Please retype the records below exactly, from the first line through the line containing "(CD) 특선 한국 가곡 3 - 비목 / 청산은 깊어 좋아라 / 석굴암...", and leave out any pictures.

= Beginning of Section =

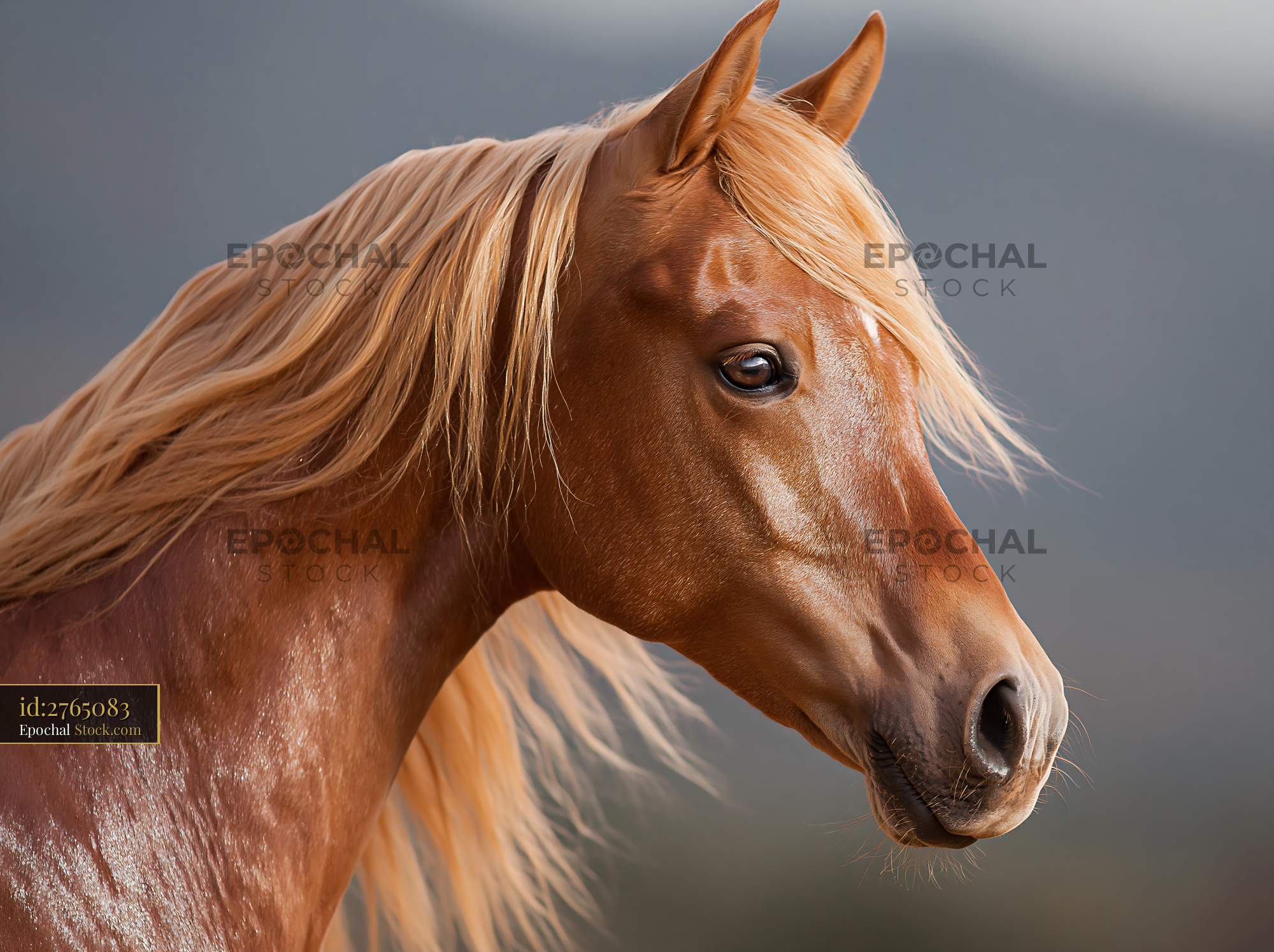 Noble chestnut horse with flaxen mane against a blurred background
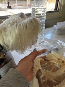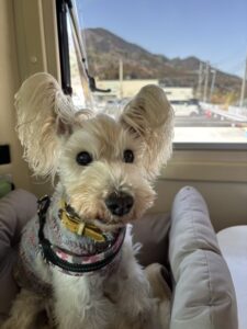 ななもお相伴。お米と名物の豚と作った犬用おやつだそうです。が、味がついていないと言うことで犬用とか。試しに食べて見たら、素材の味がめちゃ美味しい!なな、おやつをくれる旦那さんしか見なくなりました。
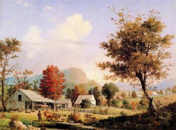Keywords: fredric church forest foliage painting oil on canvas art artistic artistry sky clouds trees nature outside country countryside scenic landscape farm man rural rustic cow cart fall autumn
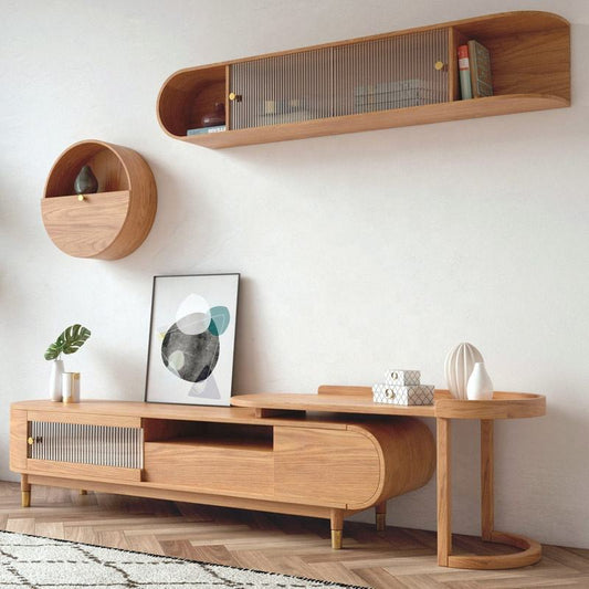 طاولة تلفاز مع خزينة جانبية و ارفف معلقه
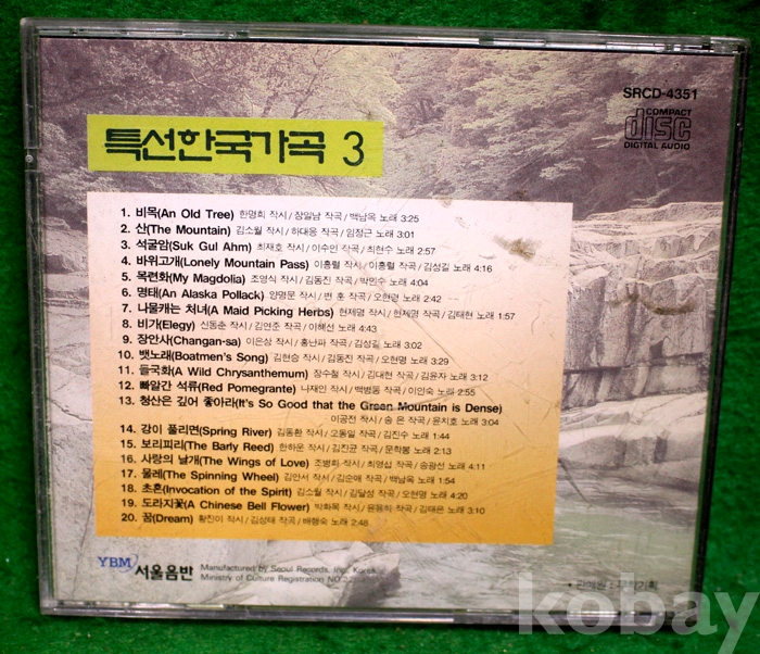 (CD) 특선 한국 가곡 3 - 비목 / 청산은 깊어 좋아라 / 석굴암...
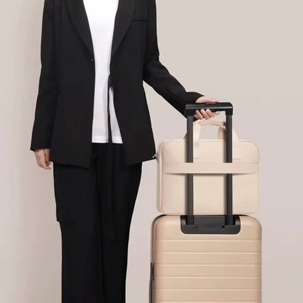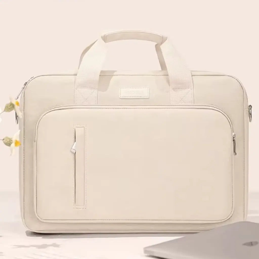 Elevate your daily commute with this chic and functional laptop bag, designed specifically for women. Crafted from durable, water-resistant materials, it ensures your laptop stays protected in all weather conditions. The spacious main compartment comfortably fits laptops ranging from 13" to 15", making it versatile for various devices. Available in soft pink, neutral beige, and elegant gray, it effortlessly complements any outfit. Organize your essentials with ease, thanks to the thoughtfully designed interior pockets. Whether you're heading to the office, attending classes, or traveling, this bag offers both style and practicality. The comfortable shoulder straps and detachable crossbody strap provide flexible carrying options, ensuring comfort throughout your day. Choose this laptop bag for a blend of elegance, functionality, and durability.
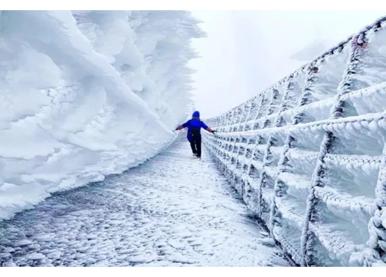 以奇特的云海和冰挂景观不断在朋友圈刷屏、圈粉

= End of Section =

RESPONSE TO THE EXERCISE
 Noble chestnut horse with flaxen mane against a blurred background
 ななもお相伴。お米と名物の豚と作った犬用おやつだそうです。が、味がついていないと言うことで犬用とか。試しに食べて見たら、素材の味がめちゃ美味しい!なな、おやつをくれる旦那さんしか見なくなりました。
Keywords: fredric church forest foliage painting oil on canvas art artistic artistry sky clouds trees nature outside country countryside scenic landscape farm man rural rustic cow cart fall autumn
 طاولة تلفاز مع خزينة جانبية و ارفف معلقه
 (CD) 특선 한국 가곡 3 - 비목 / 청산은 깊어 좋아라 / 석굴암...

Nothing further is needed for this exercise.